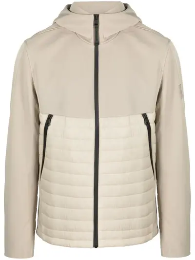 light beige stretch-cotton padded design logo patch at the sleeve high neck classic hood front zip fastening side two-way zip fastening long sleeves straight hem
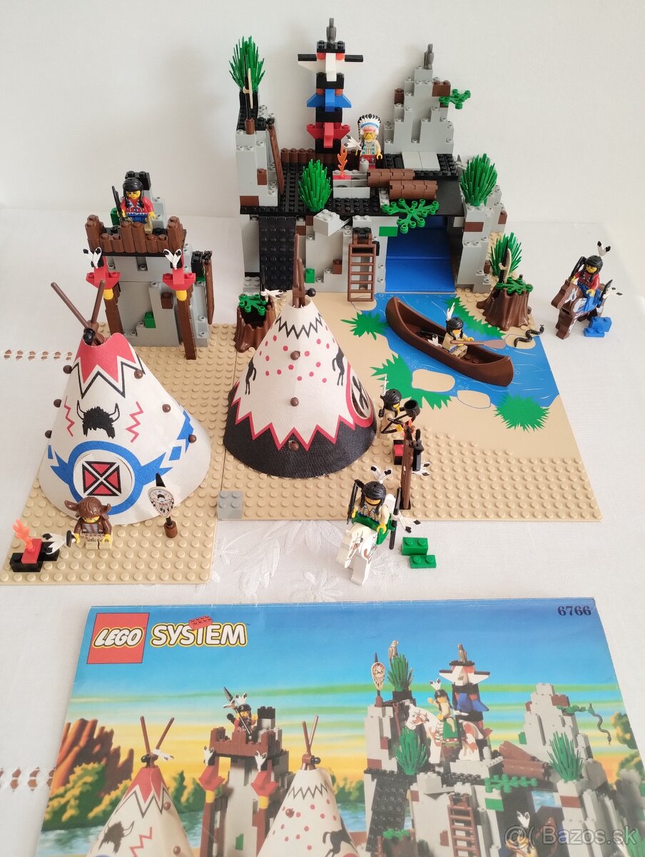 kompletné LEGO Western 6766 Rapid River Village z kolekcie Indians z roku 1997, s originálnym návodom, kocky lesklé bez poškodenia. stavebnica bez zápachu, z nefajčiarskej domácnosti bez domácich miláčikov
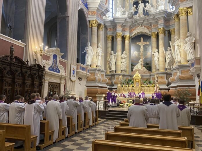 Eilinę konferenciją lapkričio 15-ąją Kauno arkivyskupijos kunigai pradėjo susirinkdami arkikatedroje bazilikoje į Mišias už mirusius savo brolius tarnystėje.
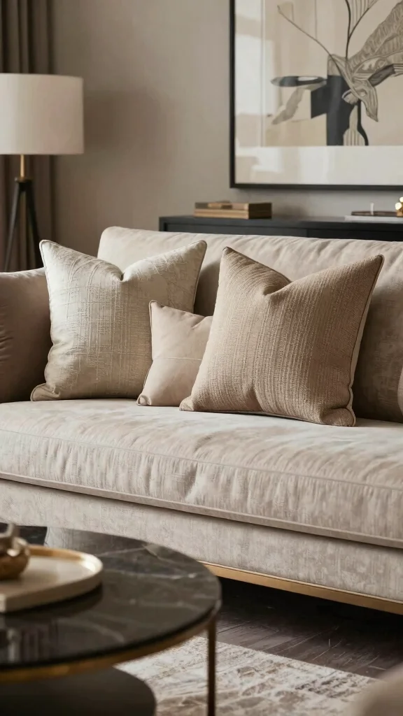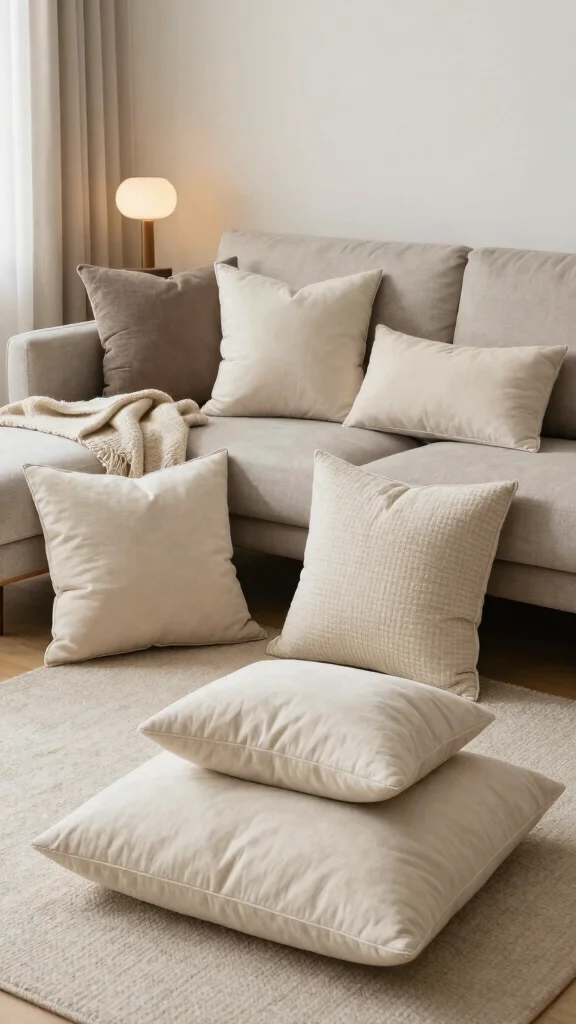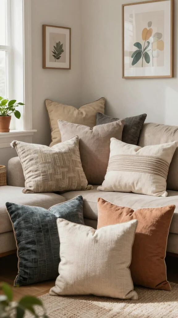 Vary the sizes and textures to create depth, and keep your color palette cohesive to support pillow styling ideas that elevate cozy living room decor and throw pillows design harmony.
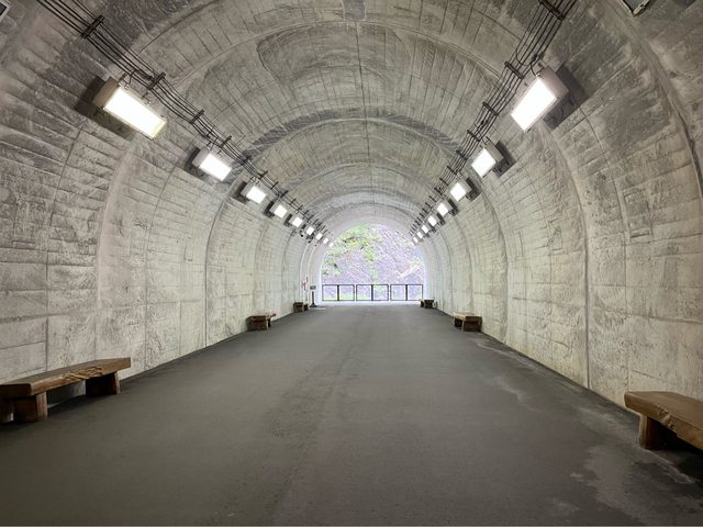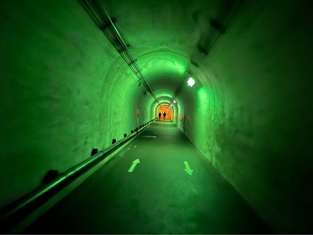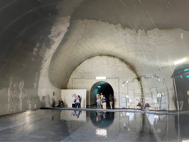 清津峽隧道全長750公尺,為了避免拍照要久候,我們決定先走到最後的鏡池。一開始是

# # # # #

| GOAL OF THE EXERCISE |
Would you please repeat the lines above exactly, from the first line of the listing through the line holding "kompletné LEGO Western", with nothing added and no pictures?

| SOLUTION TO THE EXERCISE |
 light beige stretch-cotton padded design logo patch at the sleeve high neck classic hood front zip fastening side two-way zip fastening long sleeves straight hem
 kompletné LEGO Western 6766 Rapid River Village z kolekcie Indians z roku 1997, s originálnym návodom, kocky lesklé bez poškodenia. stavebnica bez zápachu, z nefajčiarskej domácnosti bez domácich miláčikov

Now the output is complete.